▸ **What is required**
Taking the line with "Κορμός Φιλέ Αμυγδάλου" as the first and the line with "小记者：李牧青 编号：180762 周口六一路小学一(4)班" as the last, set down the lines below exactly, pictures excluded.
----------
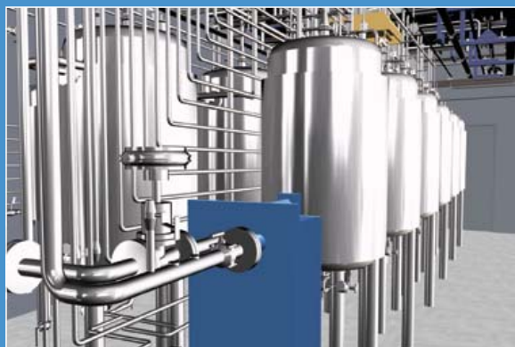
Bufferforlag fra CMC

PWE har afsluttet designopgaven vedrørende buffer preperationsanlægget, og dermed er den sidste del af projektering til CMC afsluttet.
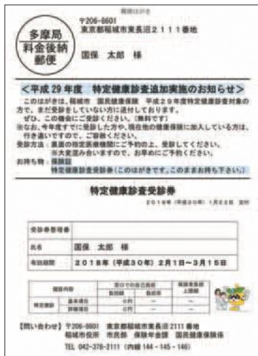
▲受診券見本（ハガキサイズ）
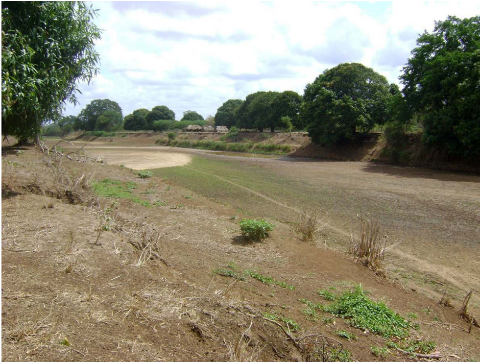
Figure 4 : Assèchement de la branche Oda (Février 2010)
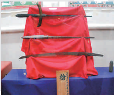
幸村公が使用したと伝えられている槍先

真田幸隆の三男として生まれる。智謀を駆使して戦国時代を生き抜き、豊臣秀吉からは「表裏比興の者」と評されていた。関ヶ原の戦いで西軍が敗れた後、幸村とともに九度山に流され、そこで生涯を終える。
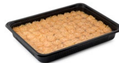
Κορμός Φιλέ Αμυγδάλου Μίνι Mini Almond Flakes Roll
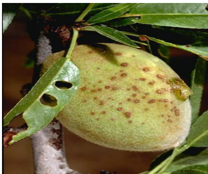
Εικόνα 3 Συμπτώματα κορύνεου σε φύλλα (τρύπες από σκάγια), βλαστό και καρπό
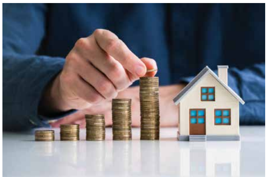
Osim uobičajenih ciklusa na tržište nekretnina utječu posljedice potresa te epidemiološka situacija
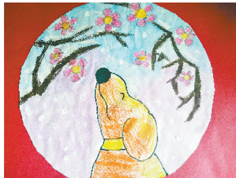
小记者：李牧青 编号：180762 周口六一路小学一(4)班

本栏目刊发小记者的书法、绘画、摄影等作品。小记者们如果有这些爱好，快快拿起手中的笔开始创作吧！作品创作完成后，请用相机拍下来发送到 zkwbxjz@126.com
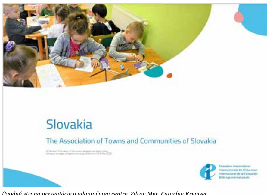
Úvodná strana prezentácie o adaptačnom centre.
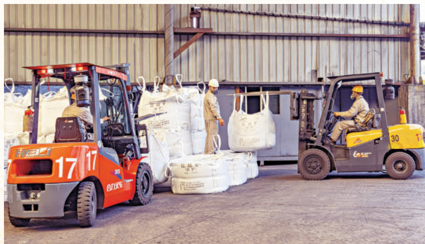
▲ 转运中的工业产品
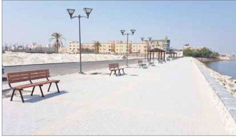
• ممشى خليج توبلي (المرحلة الأولى)

على طراز تقليدي من الخشب المقاوم لرطوبة، إضافة إلى توفير عدد من الأشجار والنخيل في أماكن متفرقة من الممشى إلى جانب محل لتوفير الوجبات الخفيفة لمرتادي الممشى مع وجود مبنى للمرافق الصحية وللرجال والنساء ومواقف للسيارات تستوعب أكثر من 65 سيارة. وأضاف مدير إدارة الخدمات البلدية المشتركة بأن شؤون البلديات مستمرة في تنفيذ خططها بشأن توفير السواحل العامة للمواطنين والمقيمين وتحسين الواجهات البحرية، وأنها تقوم بالعمل على تهيئة وتطوير السواحل العامة بما يسهم في تحسين البيئة، وتوفير المزيد من السواحل العامة في المحافظات كافة لتكون متنفساً للمواطنين والمقيمين وبما يسهم في تعزيز البيئة الساحلية، وتشجيع السياحة وخدمة الاقتصاد الوطني.
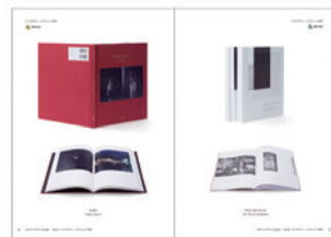
「日本ブックデザイン賞」作品集 JBD 公式ウェブサイトにて、入賞・入選した 全作品を掲載した作品集を頒売しております。 全頁カラー / 1冊 2,400円
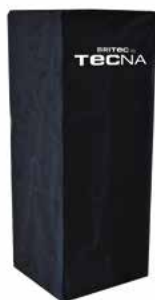
Capa protetora impermeável para aquecedor OSLO (PRETO)

Possui troncos artificiais no interior, conferindo-lhe um toque de lareira tradicional perfeito. Apresenta três faces em vidro que permitem ver as chamas de qualquer ângulo e distribuir o calor de forma uniforme, e uma face traseira fechada, ideal para colocação junto a uma parede. Modelo de 4 faces também disponível.
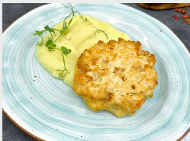
РУБЛЕНАЯ КУРИНАЯ КОТЛЕТА и картофельное пюре
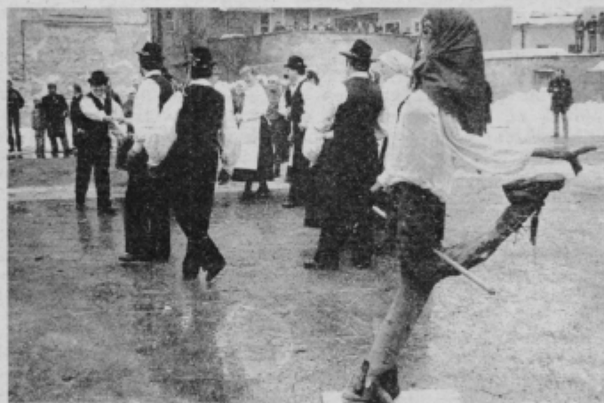
»Pustna baba«, ki jo je predstavila folklorna skupina Oljka iz Smartnega ob Paki.

Domači peki so jih spekli zelo malo, niso zadovoljni s ceno; prodajati bi jih morali po 10 dinarjev. Ptujski gostinci so imeli enotno ceno 12 dinarjev nekaj
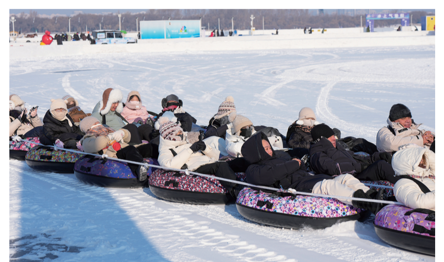
12月25日,人们在2026第八届哈尔滨松花江冰雪嘉年华园区内体验冰雪娱乐项目。12月25日,2026第八届哈尔滨松花江冰雪嘉年华开幕。本届冰雪嘉年华以145万平方米超大规模创历届之最。活动推出近60项特色项目,为市民与游客打造一场“冰天雪地·欢乐同行”的冬日狂欢。
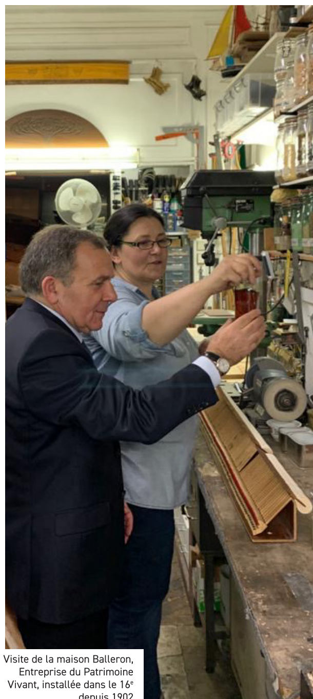
Visite de la maison Balleron, Entreprise du Patrimoine Vivant, installée dans le 16 e depuis 1902
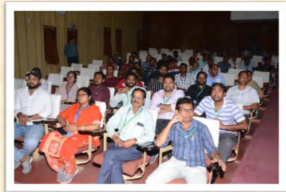
हिंदी दिवस एवं हिंदी पखवाड़ा समारोह 2025
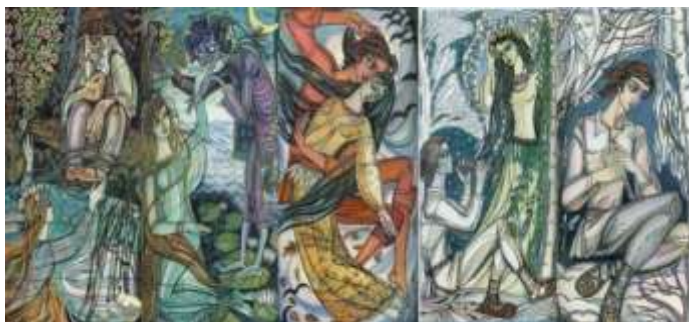
С. Караффа-Корбут. Ілюстрації до «Лісової пісні»
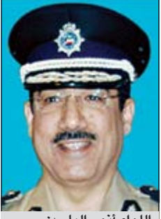
اللواء أنور الياسين

وأشاد لدى افتتاحه صباح اول من امس دورة التدريب الامنية الوكاية برعاية وإشراف مركز التدريب التخصصي لأمن المنافذ والإدارة العامة لأمن المطار وبمشاركة من إدارة امن النقل الاميركية والسفارة الاميركية بالكويت بالتعاون المتفر والنهء بمجال الامن الوقائي والتدابير الامنية مع جميع الدول الصديقة، مشيرا الى دور الولايات المتحدة الاميركية كحليف استراتيجي، والتعاون المتفر معها بشتى المجالات. وأثنى اللواء الياسين على جهود السفارة الاميركية بالكويت، وبادارة أمن النقل الاميركية لدورها الحيوي وجهودها الجيدة من أجل العمل على إقامة وإنجاح تلك الدورات والتي ستسهم حتما في رفع كفاءة العاملين بأمن المطار.
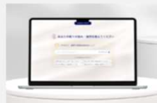
相談ブース内に『nemuso』設置
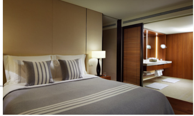
The Shilla Seoul

라이프스타일 큐레이터 글래드 호텔이 따뜻한 크리스마스를 즐길 수 있는 '코지 크리스마스(Cozy Christmas)' 패키지를 2024년 12월 31일까지 선보인다. 서울과 제주의 글래드 호텔 객실 이용 시 크리스마스 무드를 담은 컬러와 패턴의 봉주르마치(Bonjour March) 삭스 2종을 증정하는 이벤트다. ■
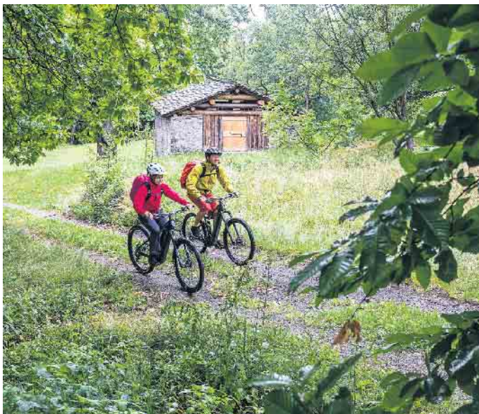
Genug Power für jede Etappe: Vernetzte Bordcomputer helfen bei der Tourenplanung und der Nutzung der Akku-Kapazitäten.
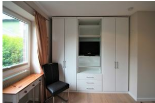
... und großem Kleiderschrank
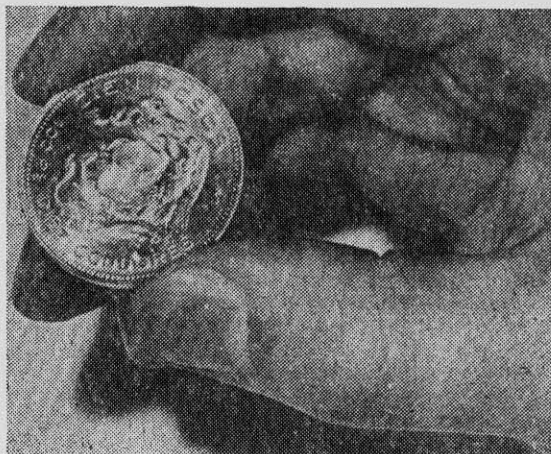
EN LA FOTO: una moneda de oro chilena. Gestores democristianos acuñarán miles de ellas por cuenta de una firma italiana.

Eso explicaría la enorme cantidad de oro que se pretende internar: cinco toneladas. Los coleccionistas estiman que este es otro aspecto muy sospechoso del negocio porque bastarían 170 kilos de oro para acuñar el número suficiente de monedas para el mer-
----------
▸ **Solution below**
Κορμός Φιλέ Αμυγδάλου Μίνι Mini Almond Flakes Roll
Εικόνα 3 Συμπτώματα κορύνεου σε φύλλα (τρύπες από σκάγια), βλαστό και καρπό
Osim uobičajenih ciklusa na tržište nekretnina utječu posljedice potresa te epidemiološka situacija
小记者：李牧青 编号：180762 周口六一路小学一(4)班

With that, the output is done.